Может быть, не стоит пренебрегать этим следом, и в случае, если бы двое молодых людей оказались невиновными, правда, вероятно, открылась бы с этой стороны.
Нам, впрочем, известно, что комиссар Дельвинь, который занимается этим делом в тесном сотрудничестве со следователем, дал бригаде полицейских, наблюдающих за меблированными комнатами, и полиции, следящей за транспортом, необходимые распоряжения, чтобы таинственный клиент «Веселой мельницы» был найден».
Газета появилась около двух часов.
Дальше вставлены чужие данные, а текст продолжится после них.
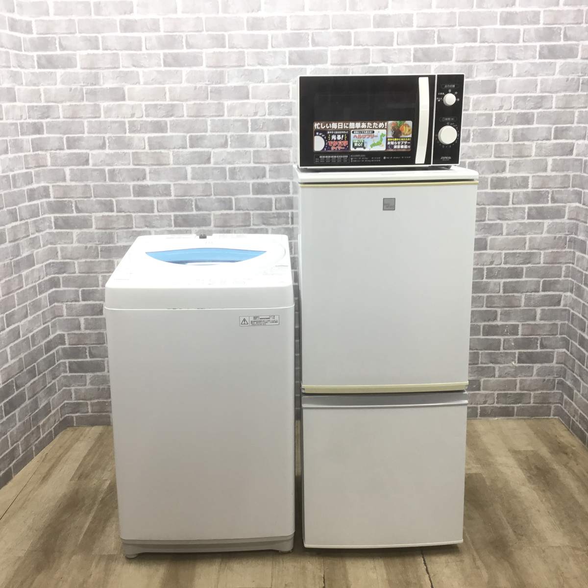 他の画像を見る 家電3点セット 冷蔵庫 アクア 126L 洗濯機 アクア 6.0kg 電子レンジ マクスゼン 50hz専用 Bランク 佐川急便 家電セット 3点セット(冷蔵庫・洗濯機・レンジ) 商品ID:191000035000 販売価格 ¥ 43,800 税込 カートに入れる お気に入りに登録する
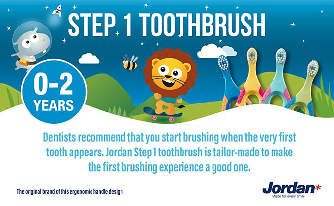 - TAILOR MADE - Step 1 toddler toothbrush step 1 toothbrush is tailor-made to make the first brushing experience a good one. The short neck and it`s unique teeth ring prevent to swallow or prick when brushing
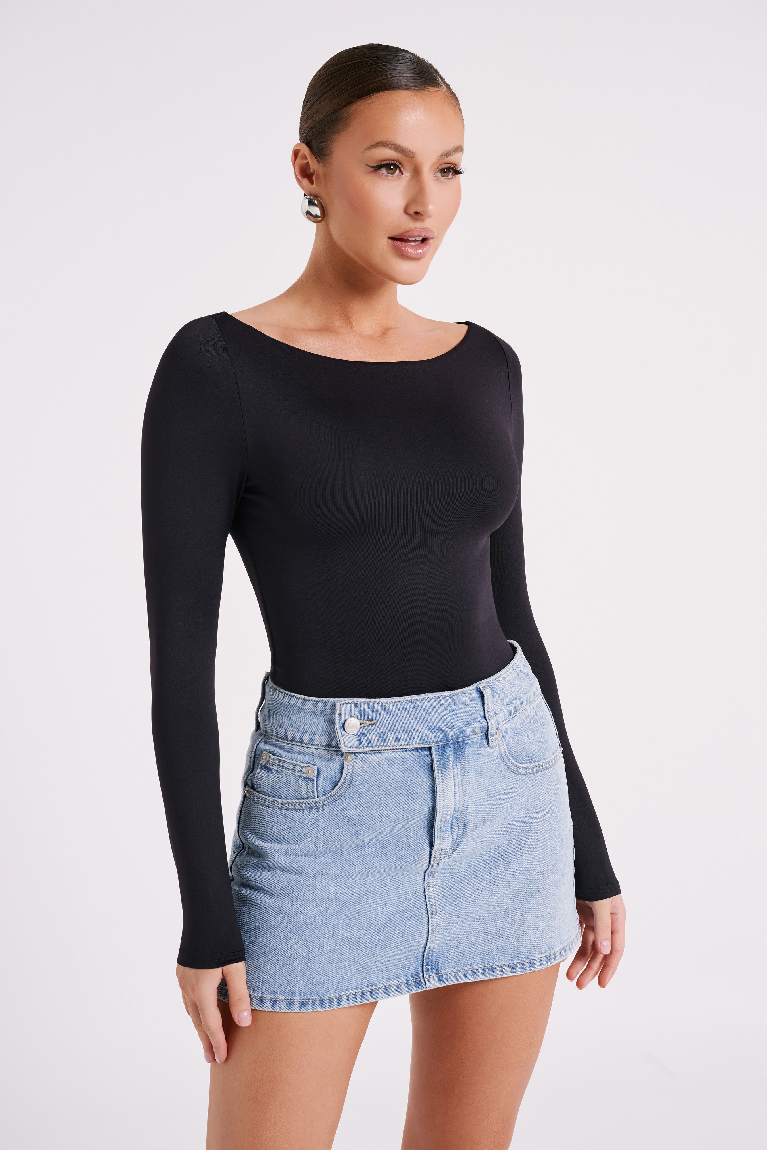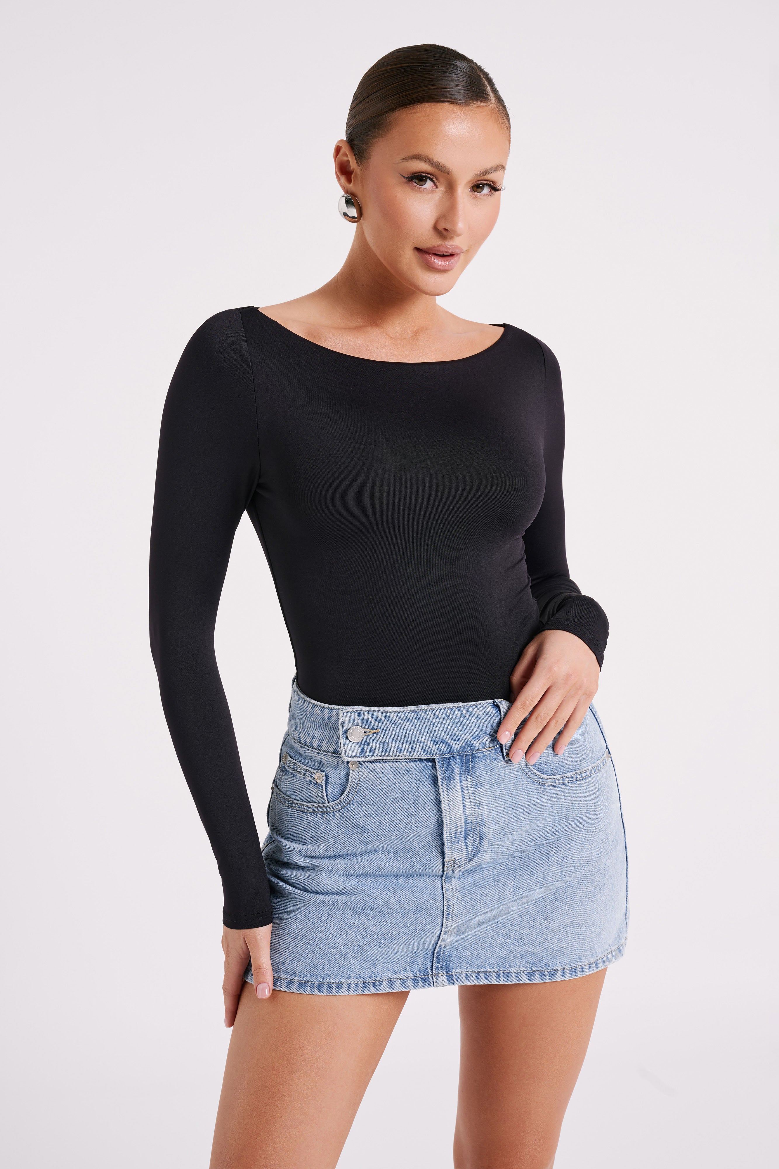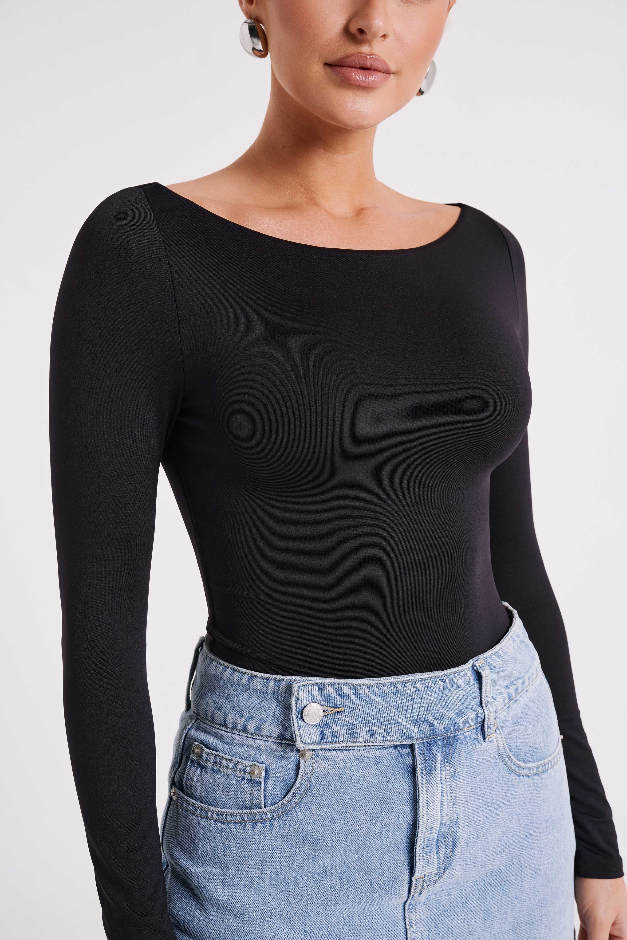 Cate Boatneck Long Sleeve Bodysuit - Black

В три часа в полицию явился солидный человек с неровным румянцем на щеках, спросил месье Дельвиня и заявил:
— Я управляющий отелем «Модерн», на улице Пон Д'Авруа. Я только что прочел газеты и думаю, что смогу сообщить вам сведения о человеке, которого вы разыскиваете.
— О французе?
— Да. А также о потерпевшем. Вообще я не очень интересуюсь россказнями газет, вот почему не сразу заметил то, о чем я вам скажу. Постойте-ка… Какой сегодня день?.. Пятница… Значит, это было в среду… Ведь преступление было совершено в пятницу, не так ли?..
Меня не было в городе… Я уезжал по делам в Брюссель… Явился клиент, говоривший с сильным акцентом; у него был всего один чемоданчик из свиной кожи…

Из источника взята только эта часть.